Start of SUPPLIED INFORMATION
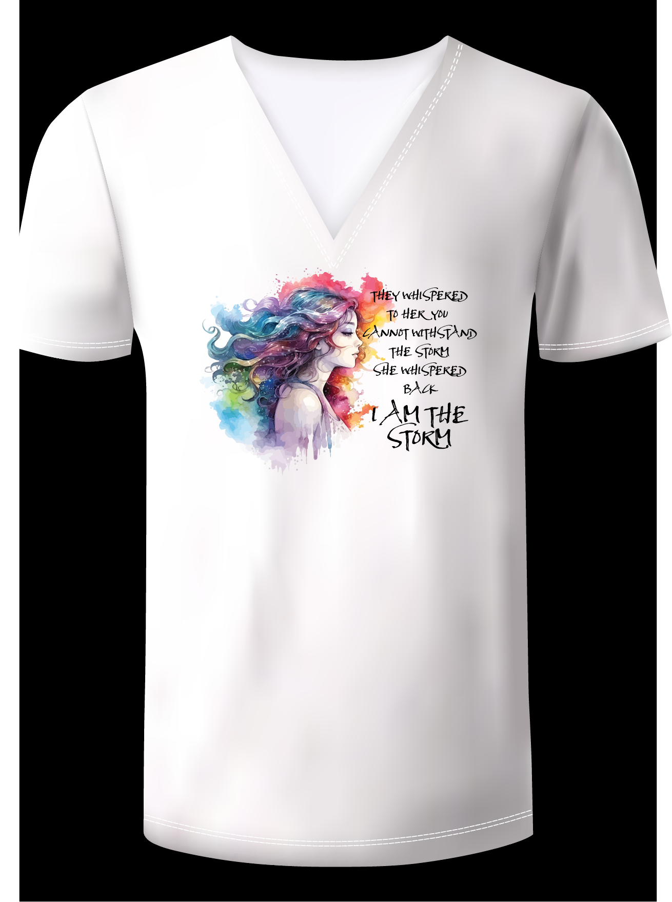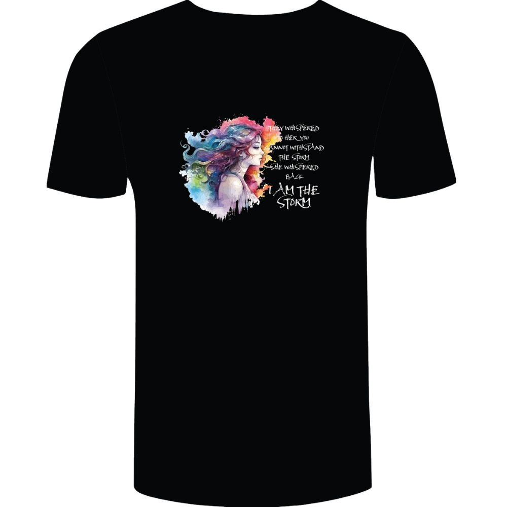 Fierce, feminine, and unapologetically bold. This stunning tee features a watercolour-style portrait and empowering quote: “They whispered to her, you cannot withstand the storm. She whispered back, I am the storm.” Printed in vibrant DTF on soft black organic cotton, it’s a powerful reminder to own your strength.
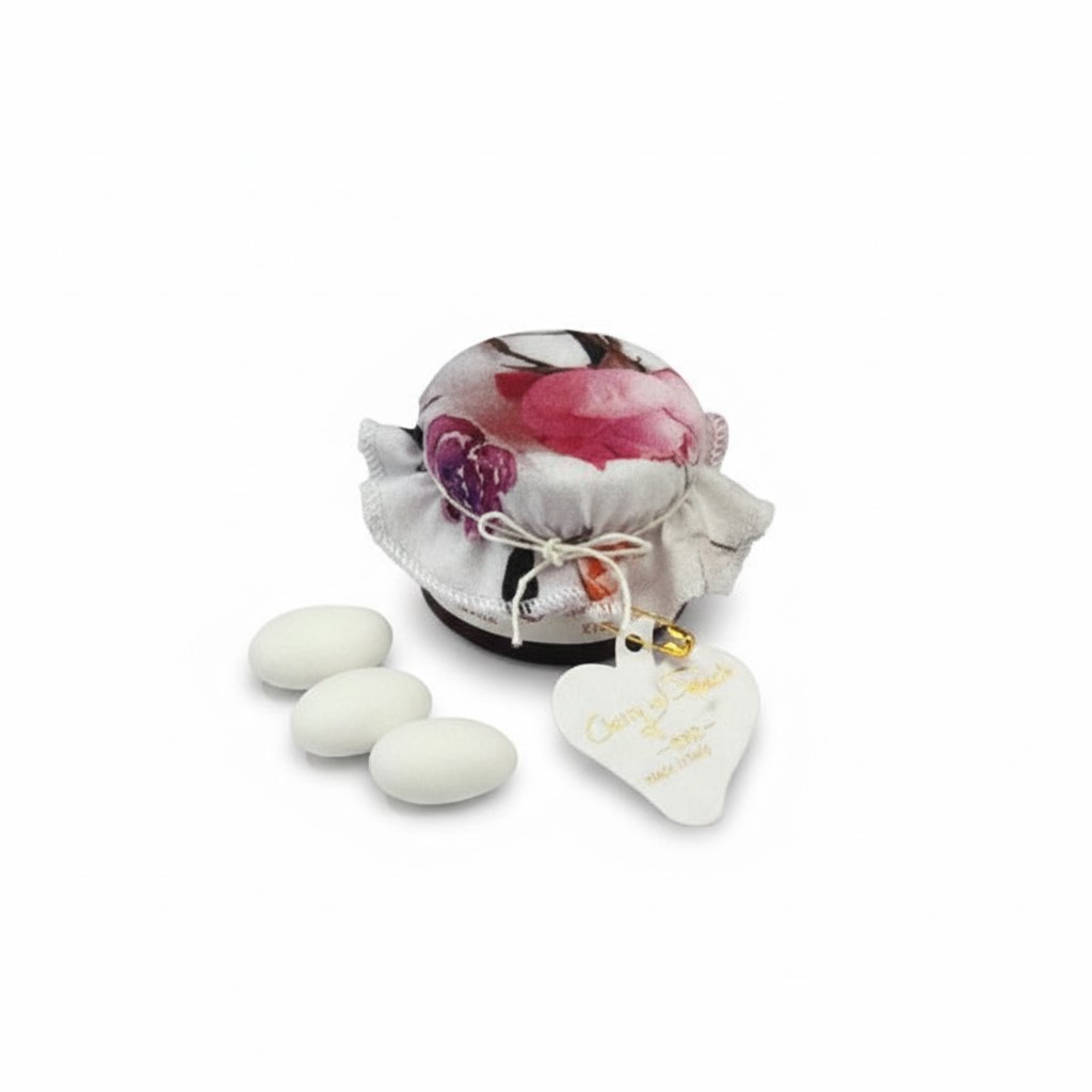 Design Raffinato: Il vasetto รจ impreziosito da un copritappo in tessuto con una delicata stampa floreale dai toni rosa e fucsia, rifinito con un fiocco in cordino e un’elegante etichetta a forma di cuore con logo dorato.
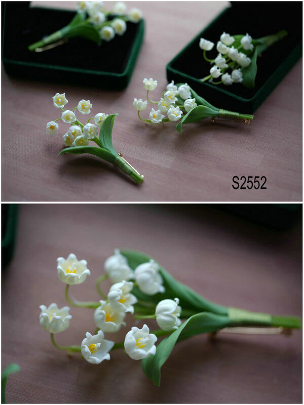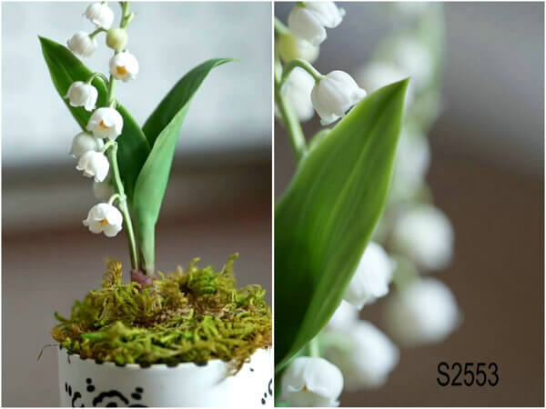 Miniature Handmade Clay Flowers, Lily of the Valley Bouquet, Miniature art, Clay Rose
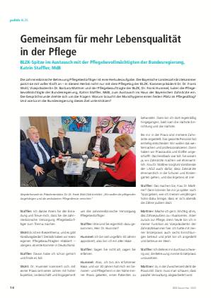 Die zahnmedizinische Betreuung Pflegebedürftiger ist eine Herkulesaufgabe. Die Bayerische Landeszahnärztekammer packt sie mit voller Kraft an – in diesem Herbst nicht nur mit dem Pflegetag der BLZK. Kammerpräsident Dr. Dr. Frank Wohl, Vizepräsidentin Dr. Barbara Mattner und der Pflegebeauftragte der BLZK, Dr. Frank Hummel, luden die Pflegebevollmächtigte der Bundesregierung, Katrin Staffler, MdB, zum Austausch ins Haus der Bayerischen Zahnärzte ein. Die Gesprächsrunde drehte sich um die Fragen: Warum braucht die Mundhygiene einen festen Platz im Pflegealltag? Und wie kann die Bundesregierung dieses Ziel unterstützen?
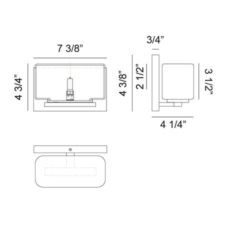 - Size 7 3/8"W x 4 3/4"H x 4 1/4"E
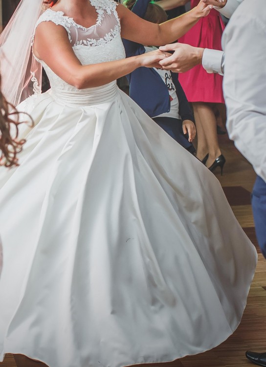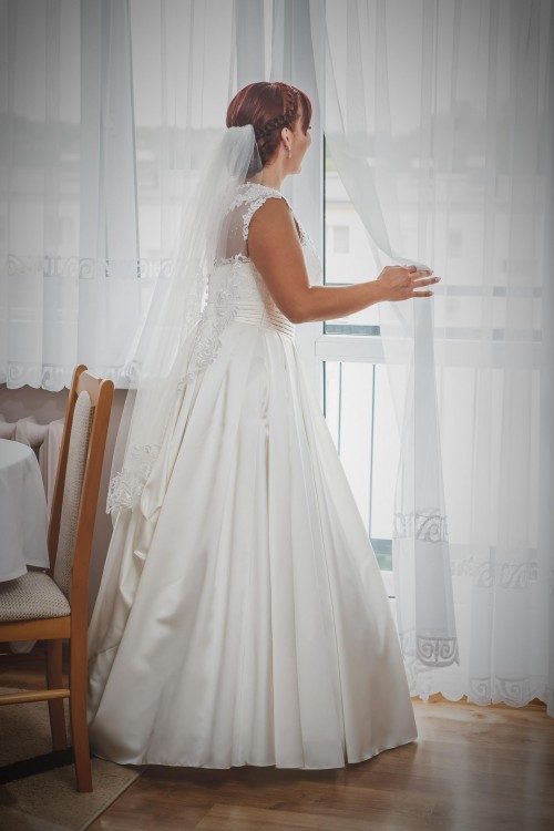Mam na sprzedaż piękną,klasyczną suknię ślubną zakupiona w salonie Agnes w Poznaniu- model 14017 , kolor krem. Suknia uszyta została na wzrost 165 cm + 8 cm obcas. ( Rozmiar 38/40) Zapinana jest na zamek i guziki. Dół sukni uszyty jest z satyny, posiada kontrafałdy i długi tren podpinany na guziczek, wszyte są też kieszenie. Spódnica nie posiada żadnych aplikacji na dole, dlatego tren można obciąć. Góra ozdobiona jest delikatną koronką. Wszyty został gorset, który modeluje sylwetkę. Suknia pięknie układa się w tańcu , wbrew pozorom nie jest ciężka. Została wyczyszczona chemicznie. Do sukni dodaję oczywiście koło.
End of SUPPLIED INFORMATION
- _REQUIRED WORK_: Copy each line above exactly, with no images.

- _SOLUTION TO THE EXERCISE_:
 Fierce, feminine, and unapologetically bold. This stunning tee features a watercolour-style portrait and empowering quote: “They whispered to her, you cannot withstand the storm. She whispered back, I am the storm.” Printed in vibrant DTF on soft black organic cotton, it’s a powerful reminder to own your strength.
 Design Raffinato: Il vasetto รจ impreziosito da un copritappo in tessuto con una delicata stampa floreale dai toni rosa e fucsia, rifinito con un fiocco in cordino e un’elegante etichetta a forma di cuore con logo dorato.
 Miniature Handmade Clay Flowers, Lily of the Valley Bouquet, Miniature art, Clay Rose
 Die zahnmedizinische Betreuung Pflegebedürftiger ist eine Herkulesaufgabe. Die Bayerische Landeszahnärztekammer packt sie mit voller Kraft an – in diesem Herbst nicht nur mit dem Pflegetag der BLZK. Kammerpräsident Dr. Dr. Frank Wohl, Vizepräsidentin Dr. Barbara Mattner und der Pflegebeauftragte der BLZK, Dr. Frank Hummel, luden die Pflegebevollmächtigte der Bundesregierung, Katrin Staffler, MdB, zum Austausch ins Haus der Bayerischen Zahnärzte ein. Die Gesprächsrunde drehte sich um die Fragen: Warum braucht die Mundhygiene einen festen Platz im Pflegealltag? Und wie kann die Bundesregierung dieses Ziel unterstützen?
 - Size 7 3/8"W x 4 3/4"H x 4 1/4"E
Mam na sprzedaż piękną,klasyczną suknię ślubną zakupiona w salonie Agnes w Poznaniu- model 14017 , kolor krem. Suknia uszyta została na wzrost 165 cm + 8 cm obcas. ( Rozmiar 38/40) Zapinana jest na zamek i guziki. Dół sukni uszyty jest z satyny, posiada kontrafałdy i długi tren podpinany na guziczek, wszyte są też kieszenie. Spódnica nie posiada żadnych aplikacji na dole, dlatego tren można obciąć. Góra ozdobiona jest delikatną koronką. Wszyty został gorset, który modeluje sylwetkę. Suknia pięknie układa się w tańcu , wbrew pozorom nie jest ciężka. Została wyczyszczona chemicznie. Do sukni dodaję oczywiście koło.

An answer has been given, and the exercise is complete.